Jupyter
Jupyter is a web-based interactive development environment, widely used in ML and data science. It enables us to quickly experiment with code, without having to rerun entire scripts from the top when something breaks. It also allows us to visually examine and inspect the data that we use, as well as information about the training process. Read more about it here.
We will use jupyter on the fep
machines and forward the network traffic such
that we can access it from the local browser (but all the computation will be
done on the partitions on fep
!).
Installing Jupyter
Activate the conda environment you want to use, and install jupyter:
$ conda install jupyter
It might take a while, as it will bring with it a lot of dependencies.
Running Jupyter
Before running jupyter, we need to determine the IP address at which the compute
node is accesible from fep
.
Run:
$ ip a
And look for the first bond
interface; it might look like:
17: bond0: <BROADCAST,MULTICAST,MASTER,UP,LOWER_UP> mtu 1500 qdisc noqueue state UP group default qlen 1000
link/ether 6c:fe:54:48:3b:b8 brd ff:ff:ff:ff:ff:ff
inet 172.24.12.2/16 brd 172.24.255.255 scope global bond0
valid_lft forever preferred_lft forever
inet6 fe80::6efe:54ff:fe48:3bb8/64 scope link
valid_lft forever preferred_lft forever
The value we're interested in is right after inet
(172.24.12.2
in this
case).
We need to run jupyter on a compute node with access to GPUs; srun
an
interactive shell there and don't forget to activate the conda environment in
which you installed jupyter.
$ jupyter notebook --ip 0.0.0.0 --port <port>
Remember that there are other people using these machines at the same time, so we need to avoid conflicting ports. You can use the following bash function that generates a random, unused port (adapted from here):
randport() {
comm -23 <(seq 10000 65000) \
<(ss -tuan | \
awk '{print $4}' | \
cut -d':' -f2 | \
grep "[0-9]\{1,5\}" | \
sort | \
uniq) \
| shuf | head -n 1
}
So we can run:
$ jupyter notebook --ip 0.0.0.0 --port $(randport)
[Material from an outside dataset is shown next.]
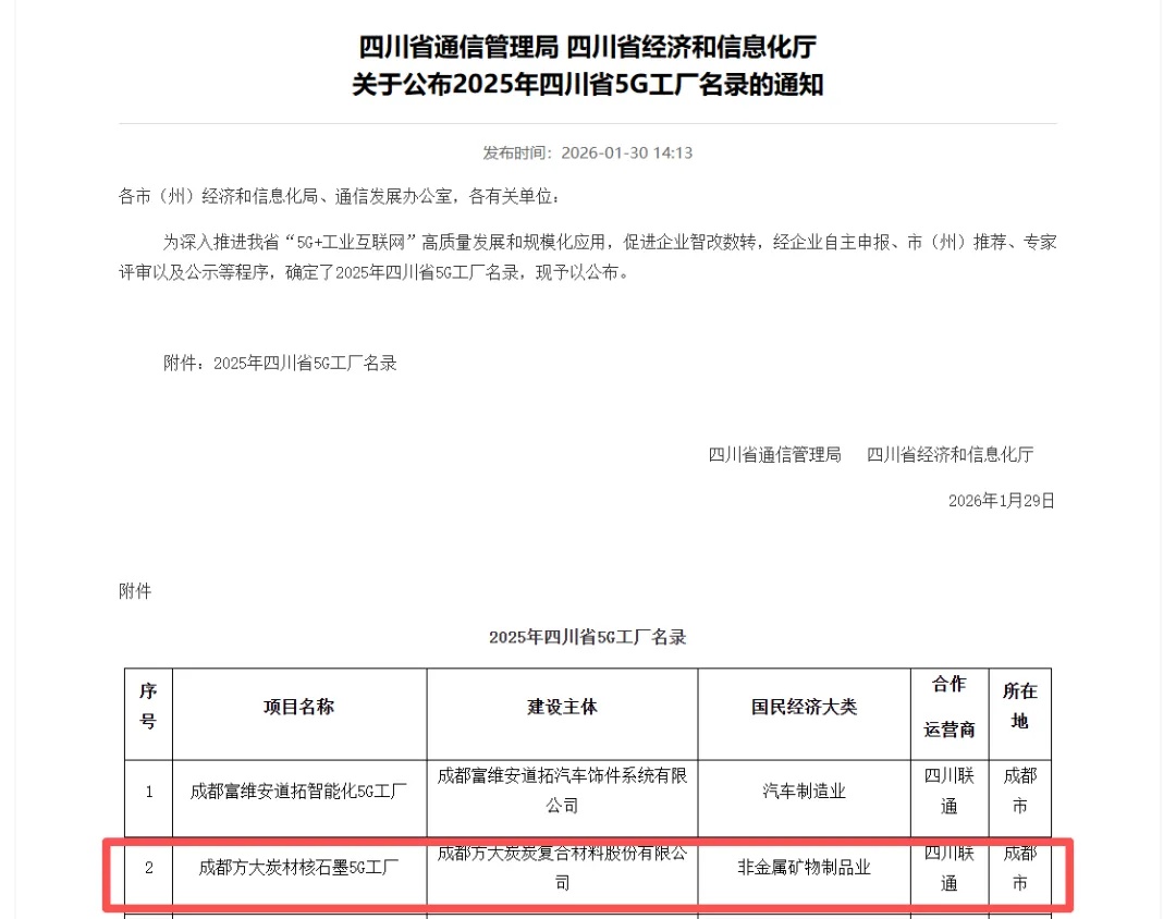 2026年1月30日,成都炭材正式收到四川省通信管理局、四川省經濟和信息化廳聯(lián)合下發(fā)的《關于公布2025年四川省5G工廠名錄的通知》。憑借在“5G+工業(yè)互聯(lián)網”高質量發(fā)展和規(guī)?;瘧?,成都炭材入選該名錄,標志著企業(yè)在數(shù)字化轉型與智能化升級的道路上邁出了堅實的一步。

In the output generated, look for the lines that say something like:
[I 2024-10-22 11:04:27.600 ServerApp] Jupyter Server 2.14.1 is running at:
[I 2024-10-22 11:04:27.600 ServerApp] http://dgxh100-precis-wn02.grid.pub.ro:17872/tree?token=3a538e99683e78c740acaa560ad185fa16d59001bed8e17b
[I 2024-10-22 11:04:27.601 ServerApp] http://127.0.0.1:17872/tree?token=3a538e99683e78c740acaa560ad185fa16d59001bed8e17b
The relevant information here is the actual port and the hexadecimal token.
Accessing Jupyter
Now the jupyter notebook is running remotely on a compute node and we want to access it from our local browser.
We will use ssh
to securely forward traffic from a port on the compute node,
using fep
as relay.
$ ssh -L 8080:<address>:<port> <fep>
ssh
will then leave you logged in to fep
, but we can ignore this shell for
the following steps; just keep it open: once the session is closed, the port
forwarding stops.
Where <address>
is the IP address of the bond
interface of the compute node
and <port>
is the randomly generated port on which jupyter is served.
<fep>
represents your login; either <username>@fep.grid.pub.ro
or
the name of a ~/.ssh/config
entry that you previously configured.
For the examples we provided in this tutorial, the concrete command would look like:
$ ssh -L 8080:172.24.12.2:17872 mihai.dumitru2201@fep.grid.pub.ro
Now go to your local browser and access:
http://localhost:8080/tree?token=<hexadecimal token>
In the example from this tutorial, the correct URL would be:
http://localhost:8080/tree?token=3a538e99683e78c740acaa560ad185fa16d59001bed8e17b
In short, the effect of our ssh
forwarding is that now the jupyter notebook is
available as if served locally on port 8080
.
The token is there for authentication purposes, without it you will not be able
to access jupyter.